Data & AnalyticsLive🔒 Private

Sample Size Estimator

Estimate required sample size for statistical significance. Free online sample size calculator. No signup, 100% private, browser-based.

Sample Size Estimator

Sample size

385

How it works

Sample size calculation determines the minimum number of observations needed to detect a specified effect with a given statistical power and significance level. Performing this calculation before an experiment prevents two costly failure modes: underpowering (missing a real effect) and overpowering (wasting resources detecting trivially small effects).

**Key parameters** Significance level (α): the probability of a false positive (incorrectly rejecting the null). Typically 0.05 (5%). Power (1−β): the probability of detecting a true effect. Typically 0.80 (80%) or 0.90. Effect size: the minimum meaningful difference to detect — must be defined by domain knowledge, not data. Smaller effect sizes require larger samples.

**Formula for two-sample t-test** n per group = 2 × [(z_α/2 + z_β) / δ]² × σ², where δ is the expected mean difference and σ is the estimated standard deviation. For α=0.05, power=0.80: (1.96 + 0.842)² = 7.85. To detect a 5-unit difference (σ=15): n = 2 × 7.85 × (15/5)² = 2 × 7.85 × 9 ≈ 141 per group.

**Practical considerations** Always inflate the calculated n by 10–20% to account for dropouts, missing data, and protocol deviations.
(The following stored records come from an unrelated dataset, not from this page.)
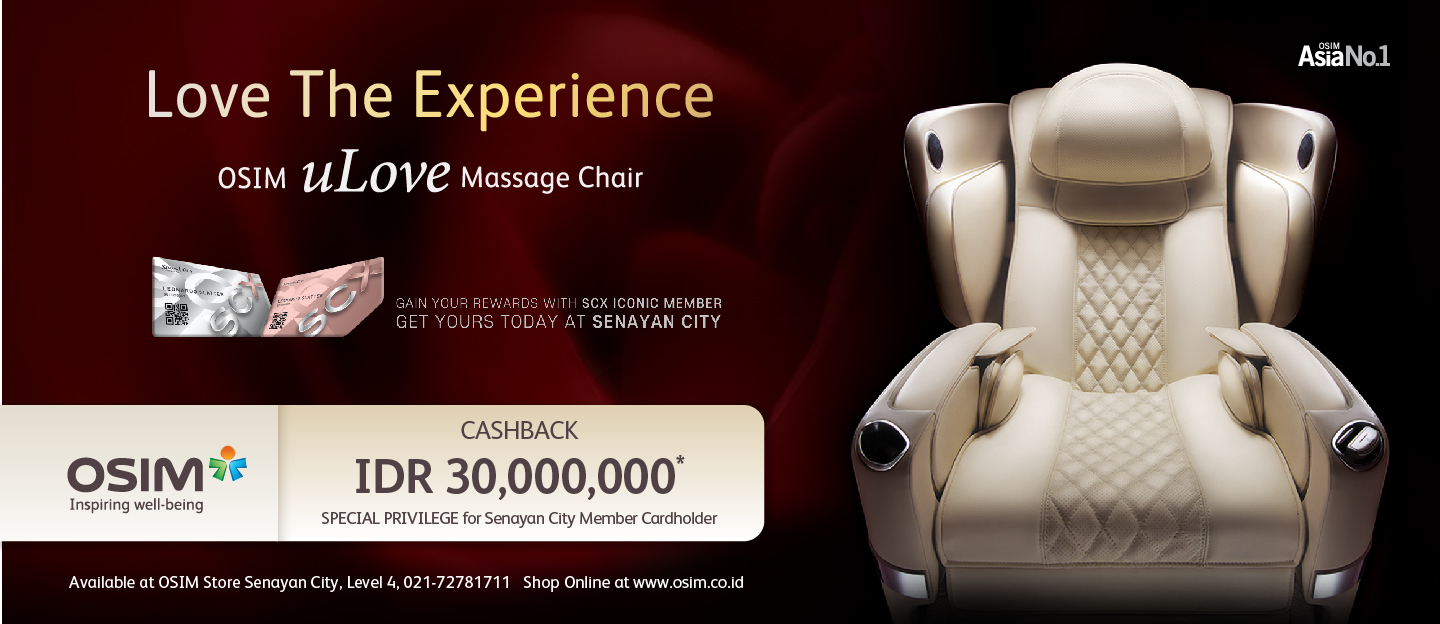 Cashback IDR 30,000,000 for OSIM uLove massage chairs until 28 February 2018.
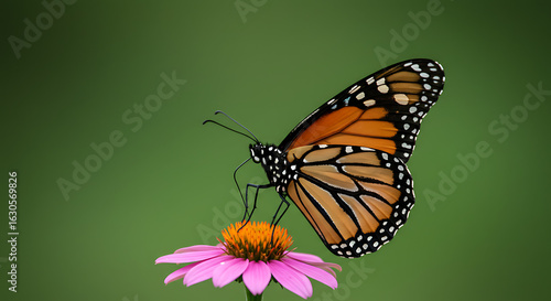 Fototapeta premium Monarch Butterfly on Pink Coneflower, Serene Nature Scene, Vibrant Colors,...
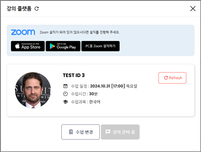 ※주의: 수업 시작 5분 전에 레슨 플랫폼을 리프레시 하십시오. 수업 준비 중 버튼은 자동으로 수업 참여하기로 변경되지 않습니다. 레슨 플랫폼 상단의 리플레시 버튼을 누르면 수업 참여하기 버튼이 나타날 것입니다.

For proportions (A/B testing conversion rates), use the two-proportion z-test formula: n = 2p̄(1−p̄)(z_α/2+z_β)² / (p1−p2)², where p̄ is the pooled proportion. Effect size should be specified before seeing data — using observed data to set the effect size inflates the false positive rate.

Frequently Asked Questions

What is statistical power and why is 80% a common threshold?
Statistical power (1 − β) is the probability of correctly detecting a true effect when it exists. With 80% power: if the true effect size is what you specified, there is an 80% chance your test will find it statistically significant. The 20% failure rate (β = 0.20, Type II error) is a conventional compromise between sample size cost and detection reliability. High-stakes research (clinical trials) often uses 90% power. Exploratory research might accept 70%. Power < 60% means most real effects will be missed.
How do I specify the effect size if I don't know it in advance?
Three approaches: Prior research — use effect sizes from published studies on similar interventions. Minimum meaningful effect — define the smallest difference that would matter in practice (e.g., 'a 2% absolute increase in conversion rate is our minimum for a business decision'). Pilot study — run a small-scale study to estimate the effect size before the main study. Do NOT use your observed pilot data to set the effect size for the main study power calculation — this inflates the false positive rate.
What happens if I run an underpowered study?
An underpowered study that finds p < 0.05 is actually more likely to be a false positive than a well-powered study. The effect sizes reported by underpowered significant studies are systematically inflated ('winner's curse' — only the largest random fluctuations cross the significance threshold). This is a major driver of the replication crisis in psychology and medicine: many small underpowered studies with inflated effect sizes failed to replicate in larger well-powered studies.
How does the significance level (α) affect required sample size?
Lower α (stricter threshold, e.g., α = 0.01 instead of 0.05) requires a larger sample to achieve the same power. Using α = 0.01, 80% power, effect size d = 0.5: n ≈ 58 per group. Using α = 0.05: n ≈ 51 per group. The relationship is through the z critical value: z_{0.025} = 1.96 (two-tailed α=0.05), z_{0.005} = 2.576 (two-tailed α=0.01). For multiple comparisons, Bonferroni correction requires α_per_test = α_family / k, which substantially increases required sample size.